--- Source material ---

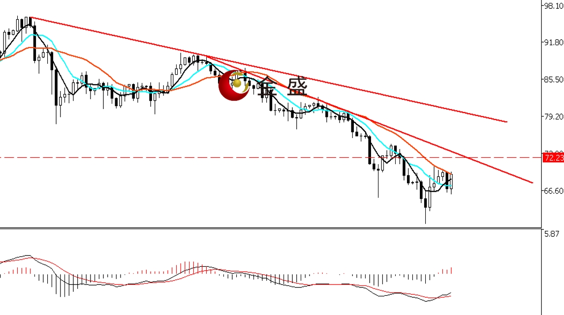 前一个交易日,白银走势与黄金类似,白盘行情持续下挫,盘中跌幅超10%,随着中东局势缓和,银价强势反扑,多头收复当日全部跌幅,最终收十字星。今天日内行情回踩66美元一带止跌回升,午后价格重返70美元关口。四小时周期,均线系统收敛走平,价格围绕其震荡。MACD指标快慢线零轴下方现金叉,做多的动能为主。金融市场恐慌情绪缓解,白银将迎来超跌反弹走势。价格形成下行趋势,短期关注加速趋势线72美元一带的压力,操作上低吸为主,高抛为辅。
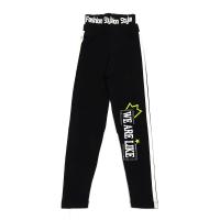 Лосины для девочки, из эластичного, х/б трикотажа.В поясе на двух резинках: эластичной резинке с надписями и под ней, на закрытой резинке. Место сшива резинок - по центру, с разрезами по бокам. На одной штанине крупная надпись, украшенная стразами. По бокам лосин лампасы - полоски.
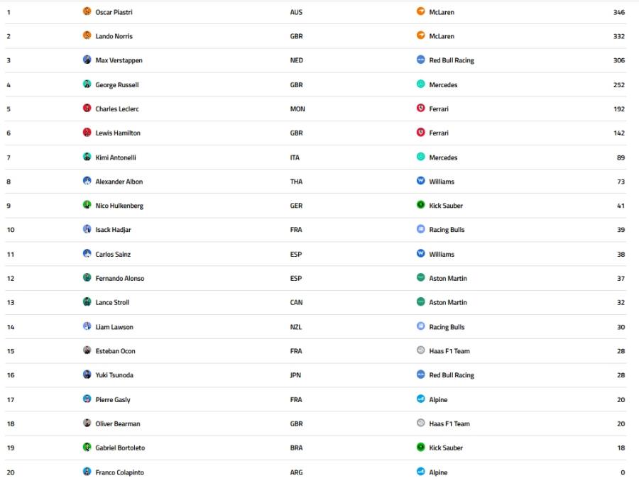 Συγκεκριμένα, ο «Super Max» μετά την αποψινή του νίκη έφτασε τους 306 βαθμούς και μείωσε στους 40β. τη διαφορά από τον πρωτοπόρο Όσκαρ Πιάστρι, αλλά και στους 26 από τον δεύτερο, Λάντο Νόρις!
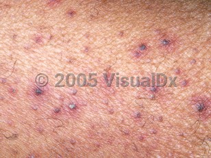 Scurvy is a relatively rare diagnosis in the developed world. Pathognomonic clinical findings of scurvy include gingival bleeding and perifollicular petechiae with corkscrew hairs. Other common features include vascular fragility, manifesting as purpura, petechiae, ecchymoses, and gastrointestinal bleeding. Spontaneous hemorrhage into muscles, soft tissues, and joints can cause painful hematomas and hemarthroses. Symptoms include fatigue, weakness, muscle cramping, and malaise as well as cognitive impairment and mood disturbances.
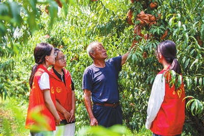8月13日,在河北省邯鄲市復興區戶村鎮大滋然生態農業有限公司,返鄉大學生在聽取果農講述鮮桃套袋技術,在實踐中提升綜合素養、厚植鄉土情懷。 聶長青 陳夢千 攝
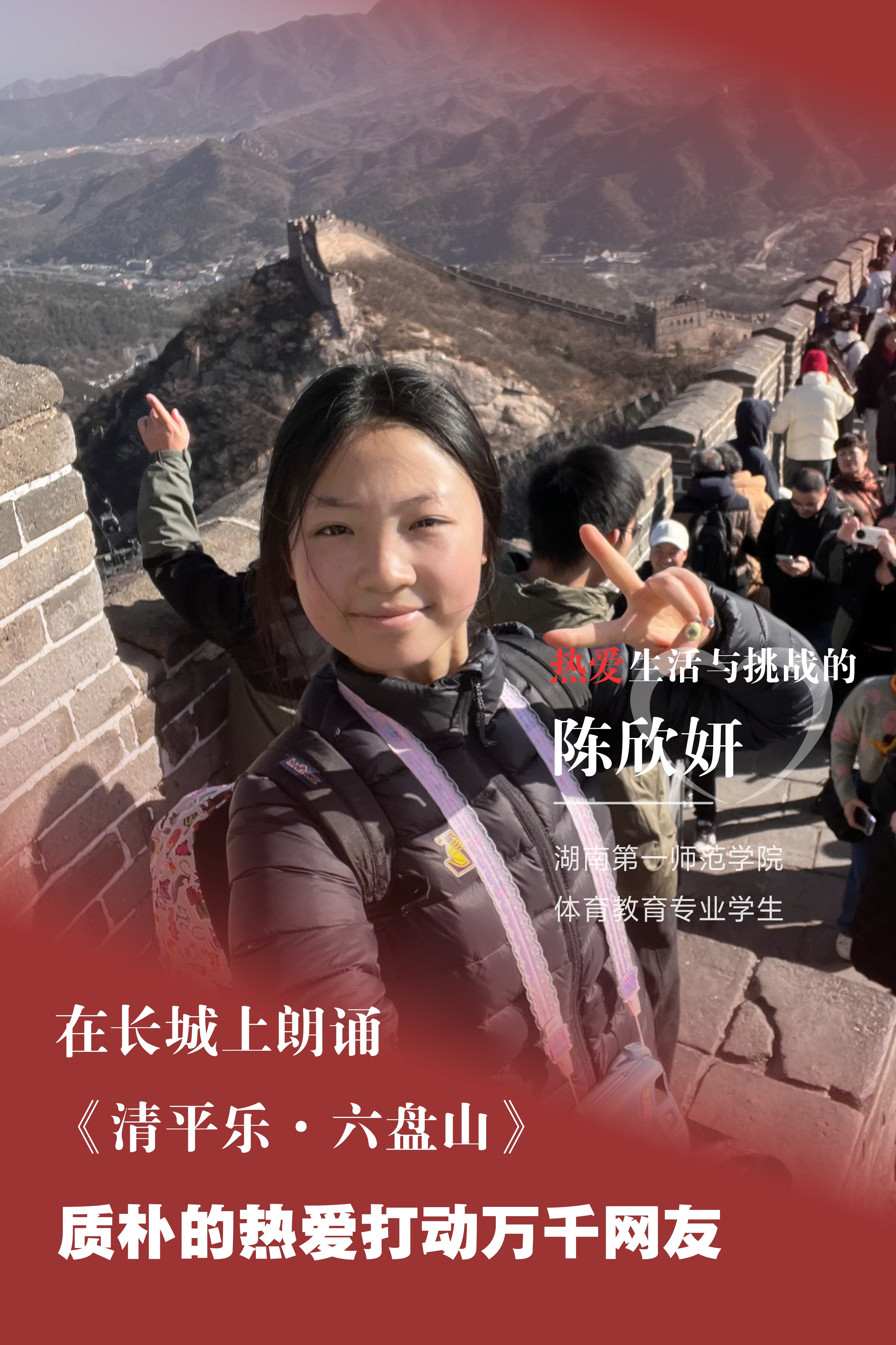 来自天南海北的年轻人,接力在长城上诵诗抒怀。带起这波热潮的,是来自湖南第一师范学院的陈欣妍。

---

▸ **What you will do**
Every line of the records above must reappear exactly, though the pictures must not.

▸ **The completed task**
 前一个交易日,白银走势与黄金类似,白盘行情持续下挫,盘中跌幅超10%,随着中东局势缓和,银价强势反扑,多头收复当日全部跌幅,最终收十字星。今天日内行情回踩66美元一带止跌回升,午后价格重返70美元关口。四小时周期,均线系统收敛走平,价格围绕其震荡。MACD指标快慢线零轴下方现金叉,做多的动能为主。金融市场恐慌情绪缓解,白银将迎来超跌反弹走势。价格形成下行趋势,短期关注加速趋势线72美元一带的压力,操作上低吸为主,高抛为辅。
 Лосины для девочки, из эластичного, х/б трикотажа.В поясе на двух резинках: эластичной резинке с надписями и под ней, на закрытой резинке. Место сшива резинок - по центру, с разрезами по бокам. На одной штанине крупная надпись, украшенная стразами. По бокам лосин лампасы - полоски.
 Συγκεκριμένα, ο «Super Max» μετά την αποψινή του νίκη έφτασε τους 306 βαθμούς και μείωσε στους 40β. τη διαφορά από τον πρωτοπόρο Όσκαρ Πιάστρι, αλλά και στους 26 από τον δεύτερο, Λάντο Νόρις!
 Scurvy is a relatively rare diagnosis in the developed world. Pathognomonic clinical findings of scurvy include gingival bleeding and perifollicular petechiae with corkscrew hairs. Other common features include vascular fragility, manifesting as purpura, petechiae, ecchymoses, and gastrointestinal bleeding. Spontaneous hemorrhage into muscles, soft tissues, and joints can cause painful hematomas and hemarthroses. Symptoms include fatigue, weakness, muscle cramping, and malaise as well as cognitive impairment and mood disturbances.
8月13日,在河北省邯鄲市復興區戶村鎮大滋然生態農業有限公司,返鄉大學生在聽取果農講述鮮桃套袋技術,在實踐中提升綜合素養、厚植鄉土情懷。 聶長青 陳夢千 攝
 来自天南海北的年轻人,接力在长城上诵诗抒怀。带起这波热潮的,是来自湖南第一师范学院的陈欣妍。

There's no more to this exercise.